- [Exercise description]
Pictures in the listing below are skipped, while the lines from the "2. Что такое" line through the "A painted view" line are returned word for word.

Top of Dataset

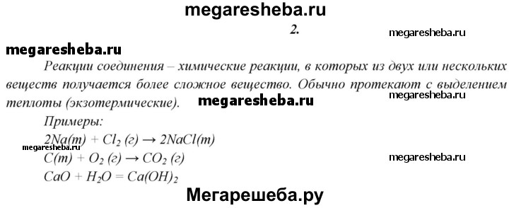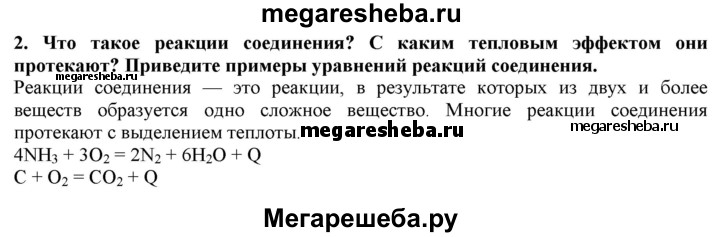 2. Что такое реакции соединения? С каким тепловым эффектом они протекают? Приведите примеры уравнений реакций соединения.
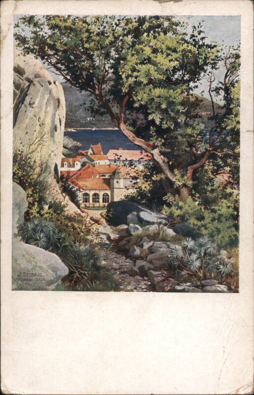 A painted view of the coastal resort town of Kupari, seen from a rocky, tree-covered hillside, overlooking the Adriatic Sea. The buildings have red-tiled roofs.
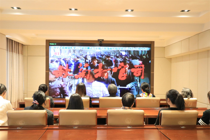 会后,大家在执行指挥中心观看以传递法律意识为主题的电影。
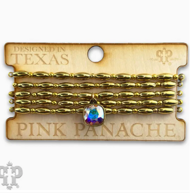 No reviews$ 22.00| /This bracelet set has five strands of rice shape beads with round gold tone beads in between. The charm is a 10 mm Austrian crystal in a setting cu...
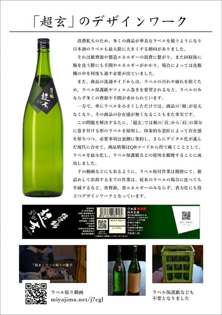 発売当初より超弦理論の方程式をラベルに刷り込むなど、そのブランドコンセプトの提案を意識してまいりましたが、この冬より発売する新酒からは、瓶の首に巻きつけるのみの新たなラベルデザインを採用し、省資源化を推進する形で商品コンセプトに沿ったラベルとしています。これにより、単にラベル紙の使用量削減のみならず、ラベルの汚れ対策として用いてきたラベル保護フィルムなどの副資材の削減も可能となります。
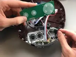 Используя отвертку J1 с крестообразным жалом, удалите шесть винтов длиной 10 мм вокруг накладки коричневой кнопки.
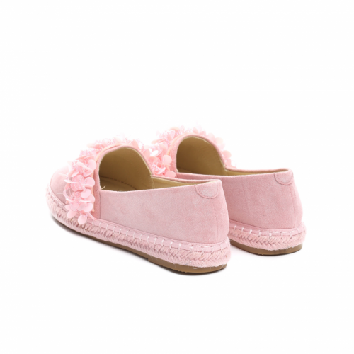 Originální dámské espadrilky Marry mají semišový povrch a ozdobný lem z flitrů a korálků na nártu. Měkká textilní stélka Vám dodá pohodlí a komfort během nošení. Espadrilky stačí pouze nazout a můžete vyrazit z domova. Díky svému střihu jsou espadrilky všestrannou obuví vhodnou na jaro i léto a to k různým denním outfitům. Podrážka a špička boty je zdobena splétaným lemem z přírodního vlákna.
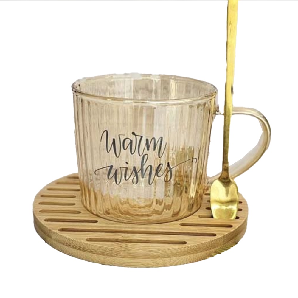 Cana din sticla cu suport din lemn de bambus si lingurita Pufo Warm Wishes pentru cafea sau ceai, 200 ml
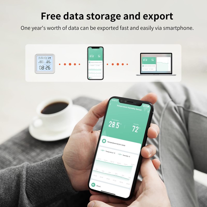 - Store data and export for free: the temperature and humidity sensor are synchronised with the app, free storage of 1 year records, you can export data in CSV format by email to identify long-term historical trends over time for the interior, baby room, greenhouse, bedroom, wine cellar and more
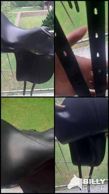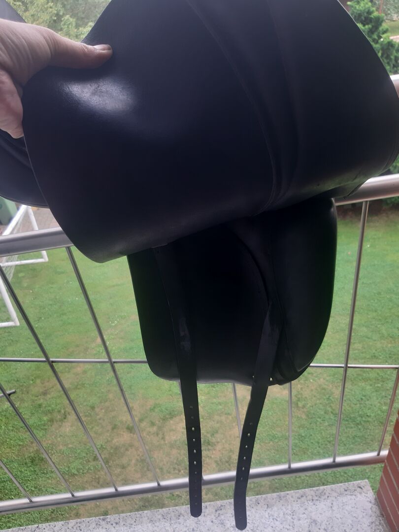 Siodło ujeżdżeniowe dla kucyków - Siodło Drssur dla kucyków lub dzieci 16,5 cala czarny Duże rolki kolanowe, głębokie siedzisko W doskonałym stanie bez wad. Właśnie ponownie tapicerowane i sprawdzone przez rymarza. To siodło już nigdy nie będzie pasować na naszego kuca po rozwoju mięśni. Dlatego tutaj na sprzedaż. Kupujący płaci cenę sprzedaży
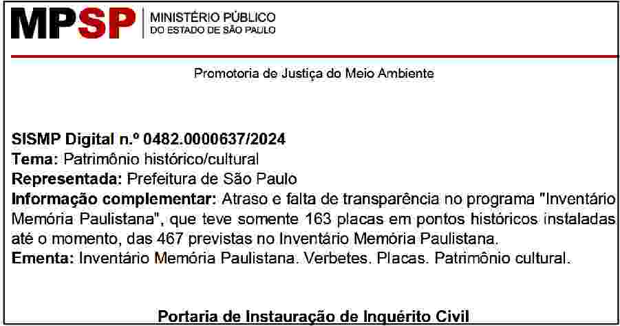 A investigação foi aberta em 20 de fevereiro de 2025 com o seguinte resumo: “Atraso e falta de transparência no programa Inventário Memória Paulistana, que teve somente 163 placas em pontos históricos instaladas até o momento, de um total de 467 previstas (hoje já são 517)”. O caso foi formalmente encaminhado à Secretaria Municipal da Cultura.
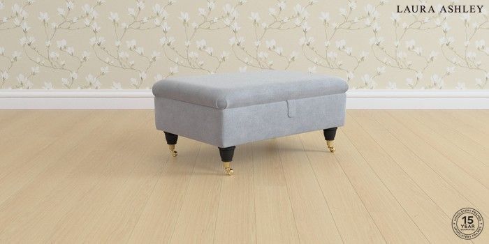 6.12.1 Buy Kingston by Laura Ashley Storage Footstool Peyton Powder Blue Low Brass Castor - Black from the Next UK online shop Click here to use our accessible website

Bottom of Dataset
Top of Dataset

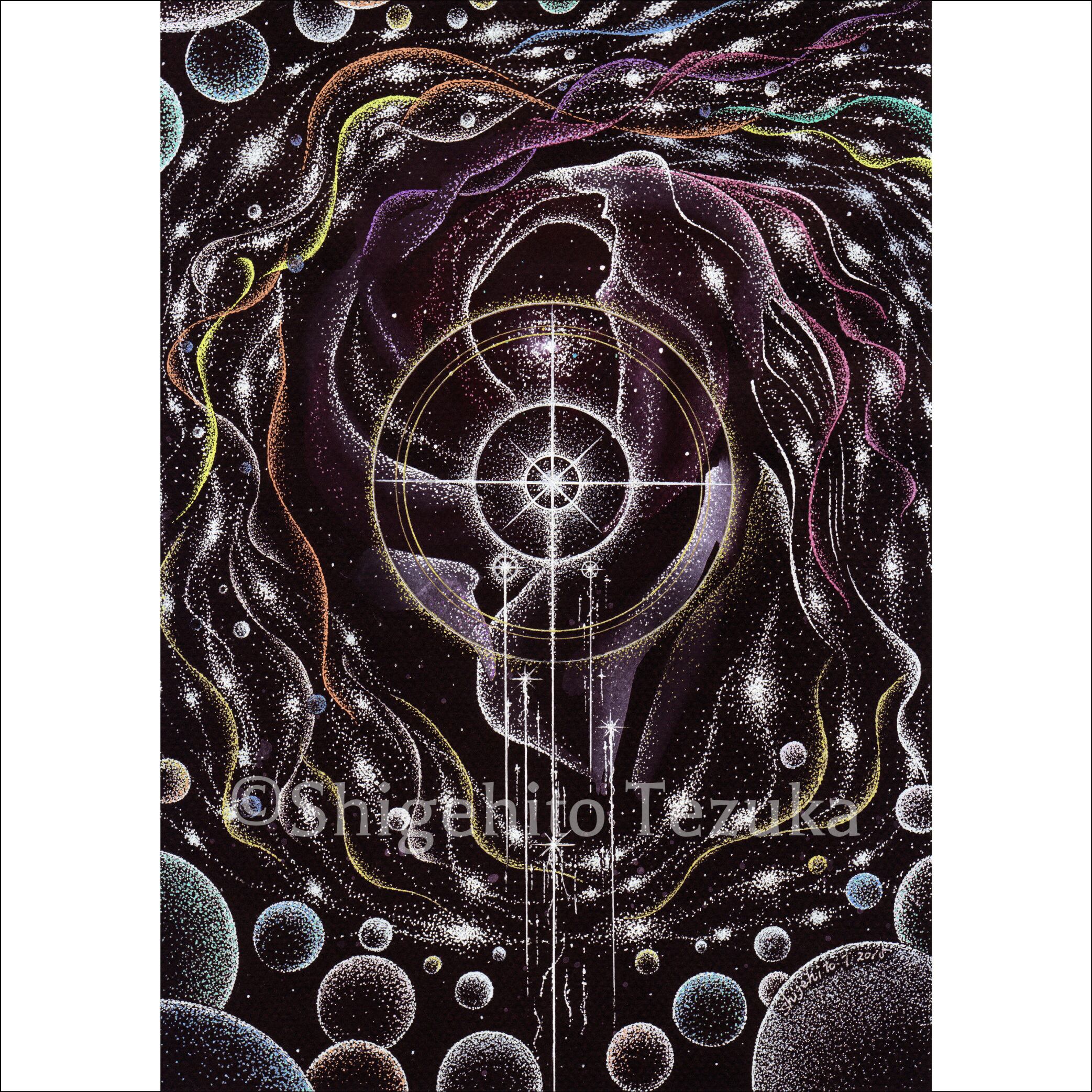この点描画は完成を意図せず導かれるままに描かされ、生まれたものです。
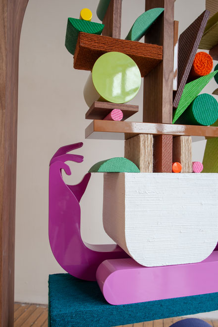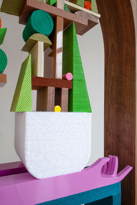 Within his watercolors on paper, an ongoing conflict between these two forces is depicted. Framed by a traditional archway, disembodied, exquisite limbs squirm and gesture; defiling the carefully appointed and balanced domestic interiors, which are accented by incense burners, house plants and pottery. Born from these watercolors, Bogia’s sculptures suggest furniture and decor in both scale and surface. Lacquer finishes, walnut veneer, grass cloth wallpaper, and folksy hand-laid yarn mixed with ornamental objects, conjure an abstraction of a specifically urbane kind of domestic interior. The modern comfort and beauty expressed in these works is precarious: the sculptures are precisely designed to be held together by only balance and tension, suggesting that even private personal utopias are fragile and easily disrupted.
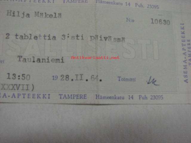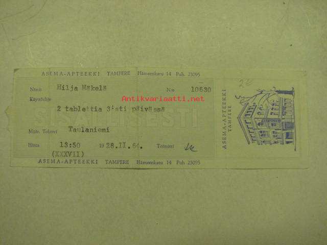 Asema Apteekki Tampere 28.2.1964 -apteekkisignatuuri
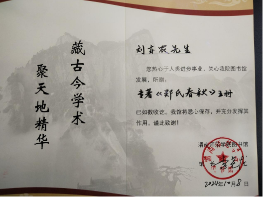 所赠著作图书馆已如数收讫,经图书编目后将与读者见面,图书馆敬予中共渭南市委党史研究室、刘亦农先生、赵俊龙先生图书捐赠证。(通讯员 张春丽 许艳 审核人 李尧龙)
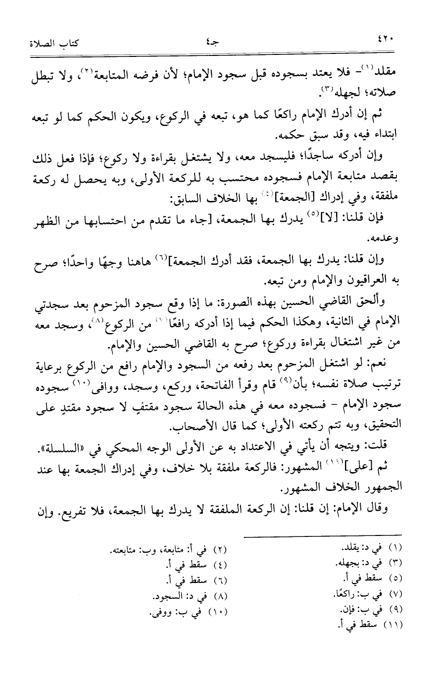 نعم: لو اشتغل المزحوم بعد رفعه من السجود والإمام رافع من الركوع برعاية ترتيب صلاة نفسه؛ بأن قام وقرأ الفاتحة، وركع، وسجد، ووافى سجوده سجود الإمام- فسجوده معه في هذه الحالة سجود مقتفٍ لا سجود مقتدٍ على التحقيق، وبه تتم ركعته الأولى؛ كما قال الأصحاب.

Bottom of Dataset
Top of Dataset

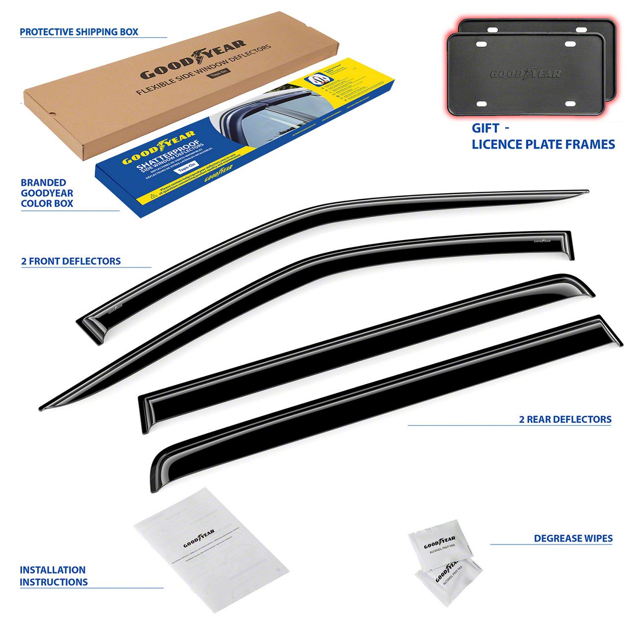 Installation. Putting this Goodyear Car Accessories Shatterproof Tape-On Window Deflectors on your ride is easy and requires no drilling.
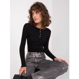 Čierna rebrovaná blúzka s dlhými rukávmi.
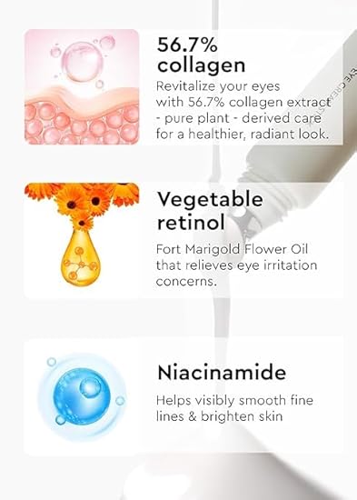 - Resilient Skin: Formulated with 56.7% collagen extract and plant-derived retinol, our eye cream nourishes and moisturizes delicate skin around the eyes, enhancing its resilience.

Bottom of Dataset

- [Task result]
 2. Что такое реакции соединения? С каким тепловым эффектом они протекают? Приведите примеры уравнений реакций соединения.
 A painted view of the coastal resort town of Kupari, seen from a rocky, tree-covered hillside, overlooking the Adriatic Sea. The buildings have red-tiled roofs.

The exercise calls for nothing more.